The New York authorities have confirmed 13 fatalities in this city, including a two-year-old boy, while the state of New Jersey has mourned another 23 deaths, according to the television network NBC, including four residents of a complex of apartments. On the other hand, Philadelphia authorities have confirmed that they are investigating the deaths of three people as possibly related to the storm.

The president of the United States, Joe Biden, has approved the declaration of a state of emergency in New York and New Jersey, and has ordered that local officials receive federal aid.

“A record rain has fallen in these states. New York had more rain yesterday, the first day of September, than it normally does in the whole month,” he stressed.

To face the consequences of ‘Ida’, the US Department of Energy has announced that it will release 1.5 million barrels of crude oil from the country’s federal emergency reserves, to provide service, among others, to two-thirds of the gas stations in New Orleans and Baton Rouge, which have run out of supplies after the cyclone.

Biden himself will travel to Louisiana this Friday to “inspect the damage caused by the hurricane’s storms,” ​​said the White House press secretary, Jen Psaki, and where they will meet with the authorities to evaluate the emergency response.

The governor of the state of New York, Kathy Hochul, has declared a state of emergency in the face of the sudden floods derived from ‘Ida’, while the mayor of the city, Bill de Blasio, also declared an emergency. In Central Park, the recorded rainfall has broken the previous record, dating from 1927, and several areas of the city have been submerged under water.

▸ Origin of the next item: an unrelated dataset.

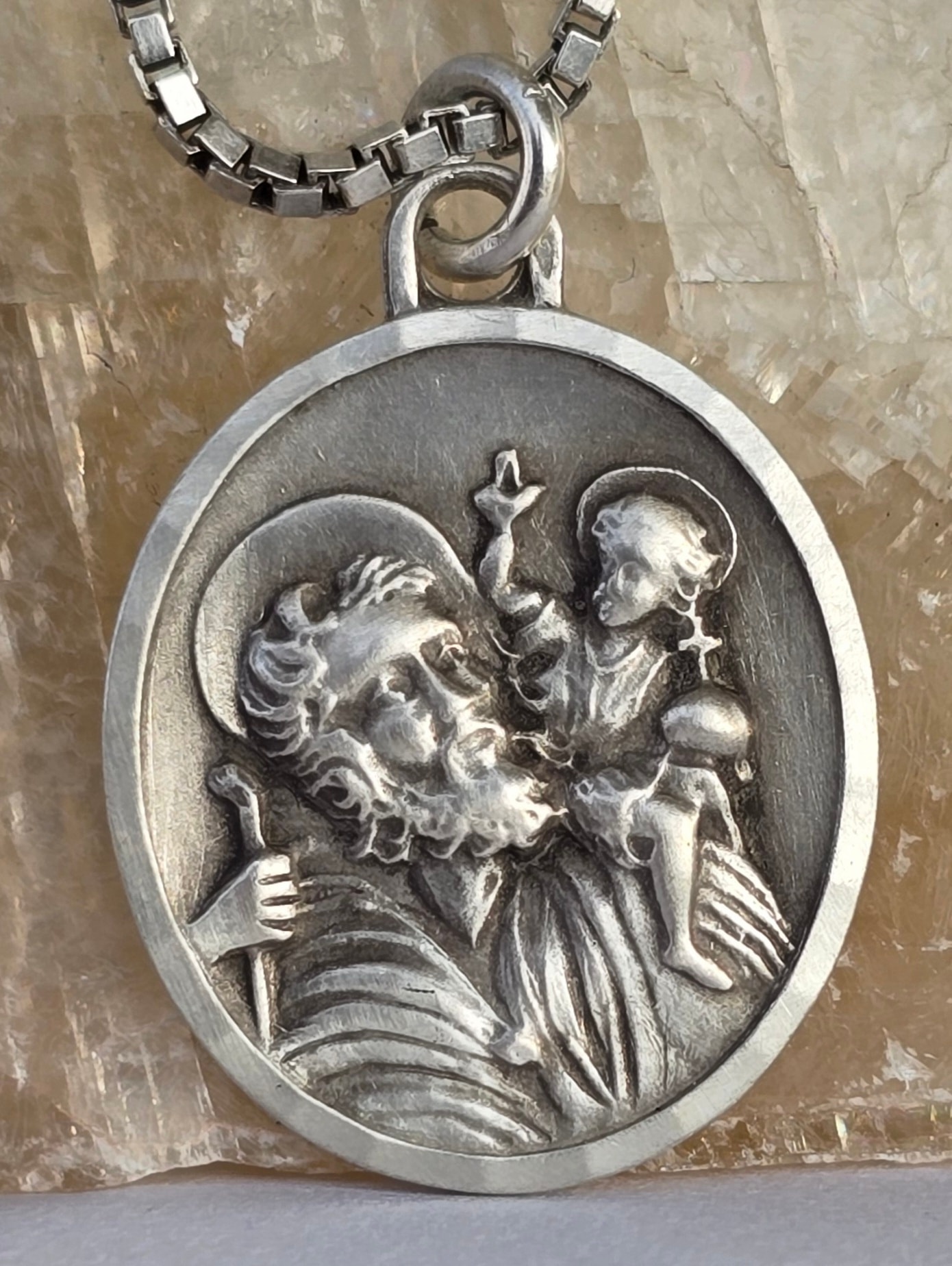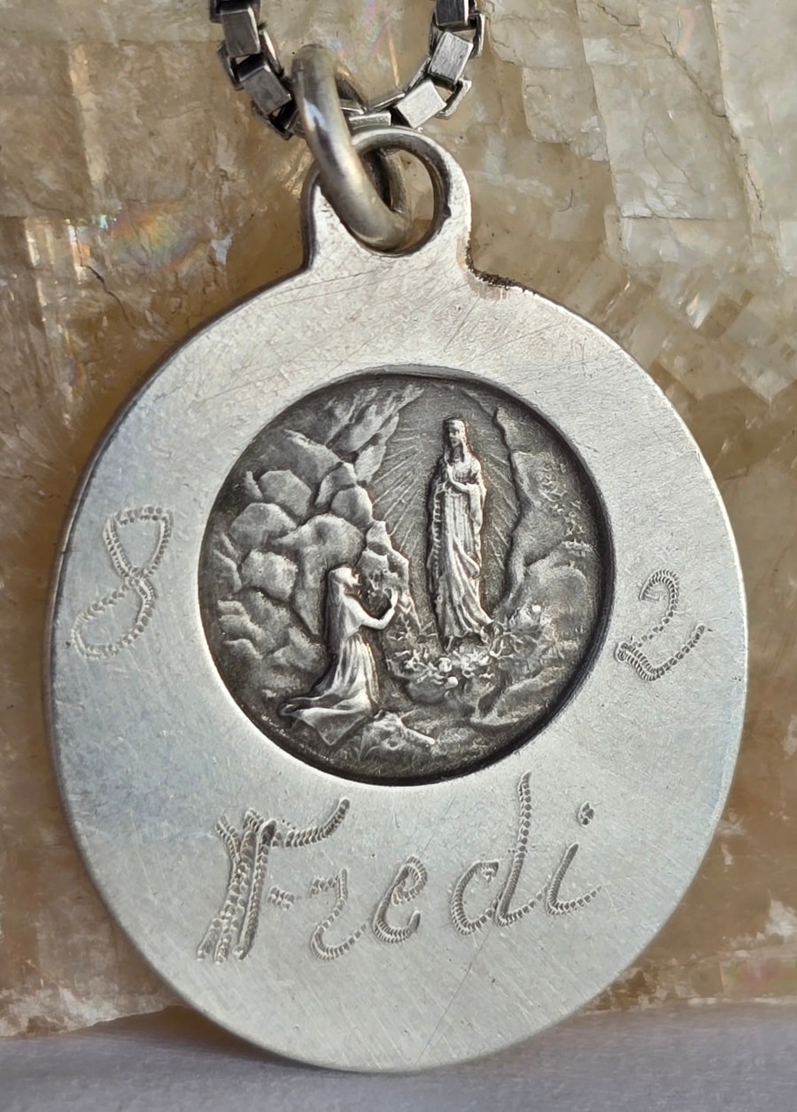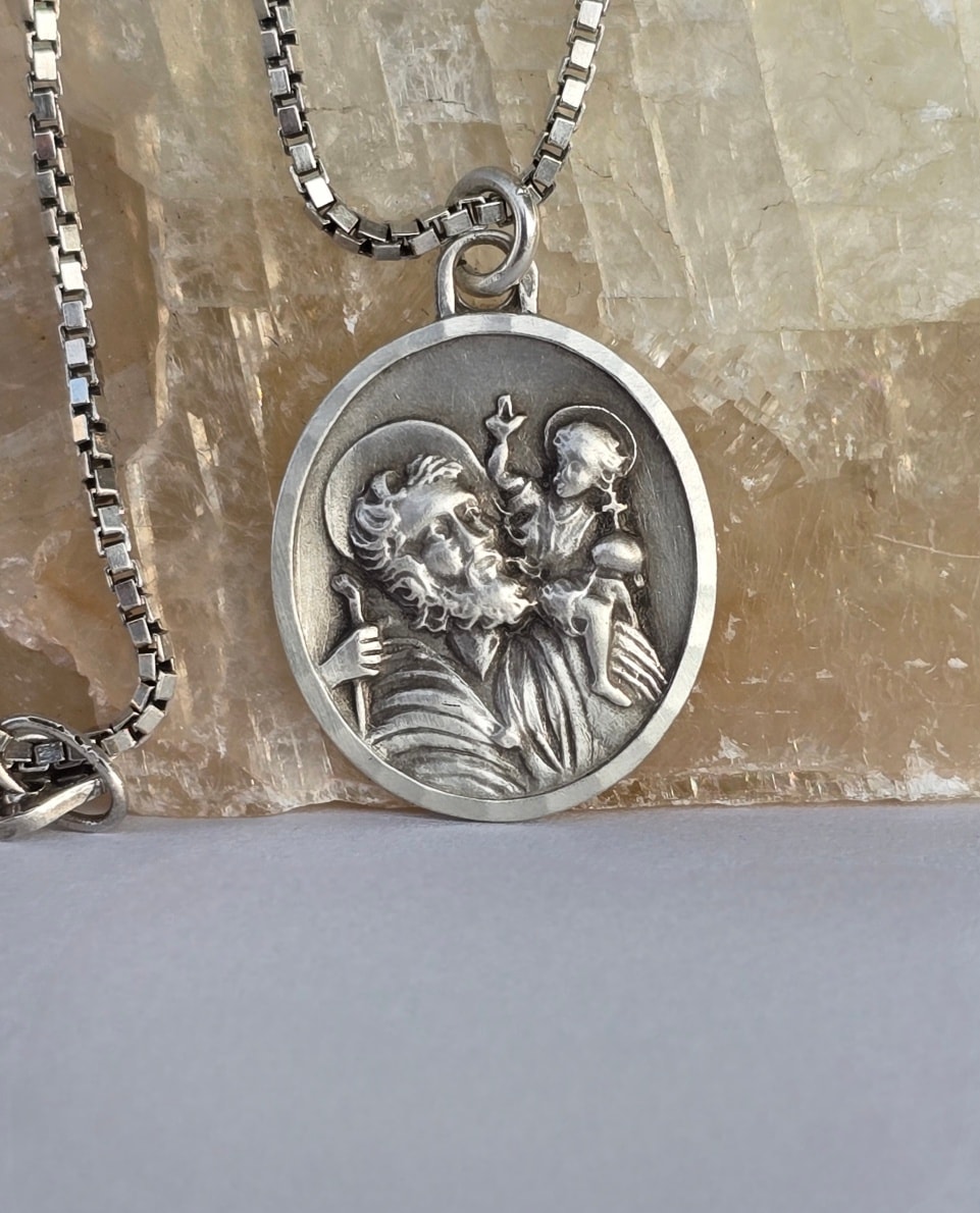 Lanț cu medalion religios vechi, din argint, cu dublă simbolistică, pe față cu Sf.Cristofor (St.Christopher), protector al călătorilor, iar pe verso cu"Maica Domnului de la Lourdes", manufactură cu detalii frumos lucrate în basorelief.

In subsequent statements, De Blasio lamented that the public “is going through hell” after the passage of the storm. In the same way, he has considered ‘Ida’ as a “wake-up call” and has indicated that the authorities have to modify the way they approach “the abruptness, the brutality” of the current storms.

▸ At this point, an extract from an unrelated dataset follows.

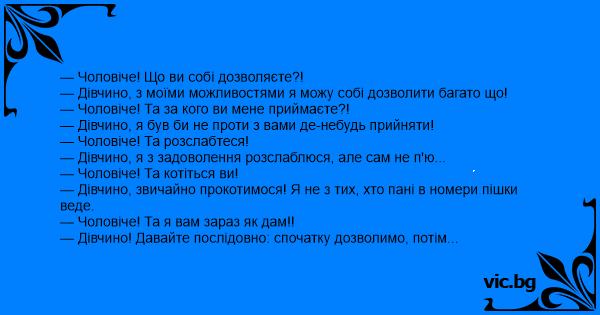 — Дівчино! Давайте послідовно: спочатку дозволимо, потім приймемо, після розслабимося, пізніше прокотимося і тільки потім дасте...
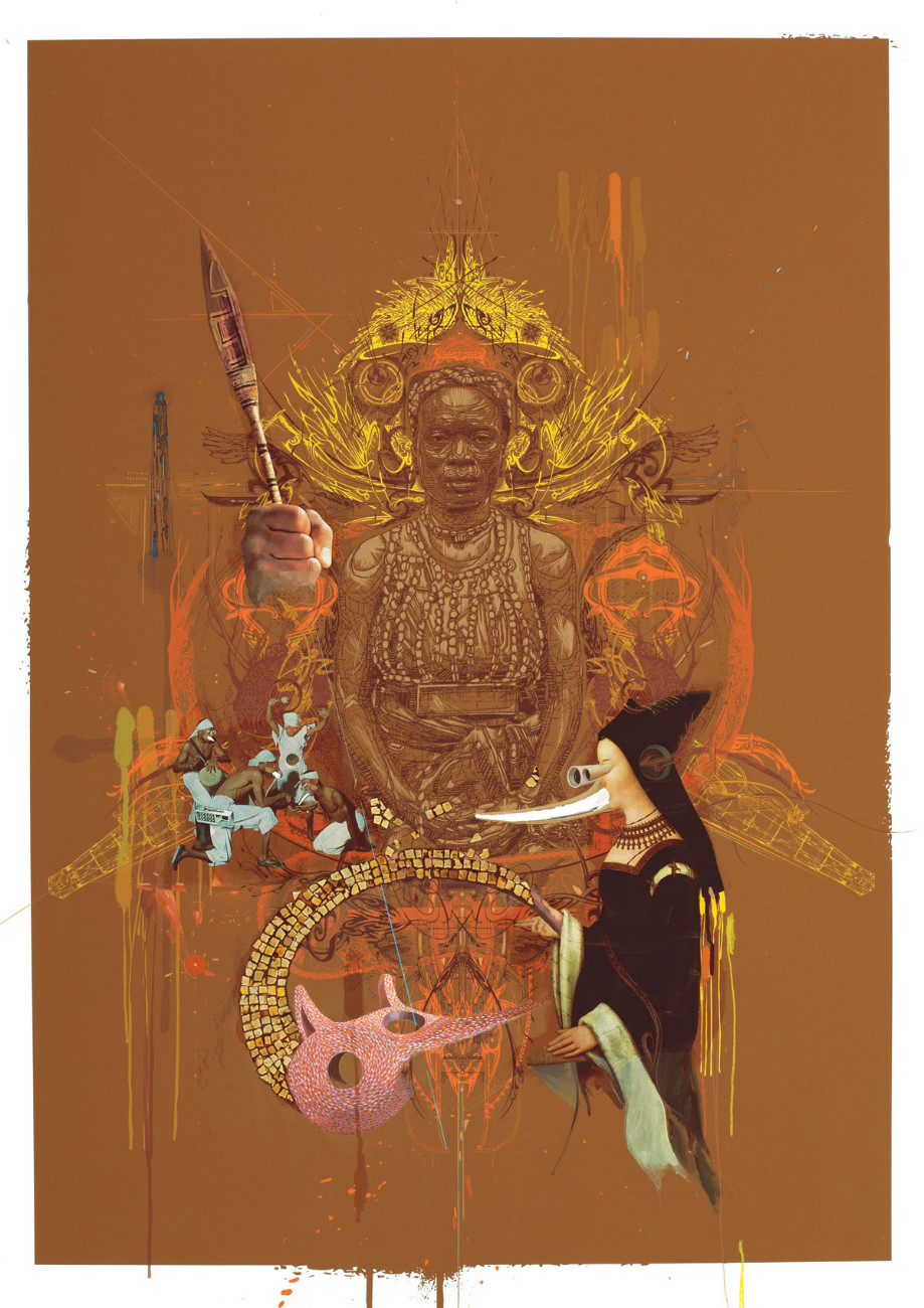 Surtout pas cantonné au street-art, le collectif se caractérise par une ligne « ethnique », mariant des styles a priori inconciliables. Il dresse des ponts entre la peinture et le collage, le graphisme et la figuration libre et narrative (ils ont collaboré avec Robert Combas, Peter Klasen), la BD, la calligraphie, la photo, le graff… on en passe. C’est cette histoire de l’art singulière qu’on découvre au Flow. à côté d’une « Urban Forest » formée d’autocollants, on admire leur pharmacie détournée, les tatouages tribaux, les bouteilles collector pour Desperados, les planches de skate ou vêtements customisés… On contemple aussi un grand mur où des artistes peignent « non-stop » tandis que leur nouveau projet, « Les Francs Colleurs », nous convie à des sessions de « stickage » de motifs en forme de goutte partout en ville ! « A Lille, on retrace notre histoire certes, mais celle-ci n’est pas figée, l’expo invite le public à créer, elle est vivante… ». A vous d’y participer !

De Blasio has insisted that ‘Ida’ is “a terrible storm, unlike anything we have seen before” and has thanked the rescue personnel for their work.

Transportation services have been practically paralyzed in some areas of the Northeast. At Newark airport alone, more than 300 flights have been canceled, with massive cancellations also in the case of JFK and La Guardia airfields in New York.

Similarly, Connecticut has declared a state of emergency in order to respond to the floods caused by ‘Ida’. The governor of the state, Ned Lamont, has signed a declaration to provide emergency management services with “the necessary tools to help in the affected areas,” he said in a statement.

The havoc in New York and New Jersey has led United Nations Secretary General António Guterres to be “deeply saddened by the lives lost and the damage caused by the devastating and unprecedented climatic events.”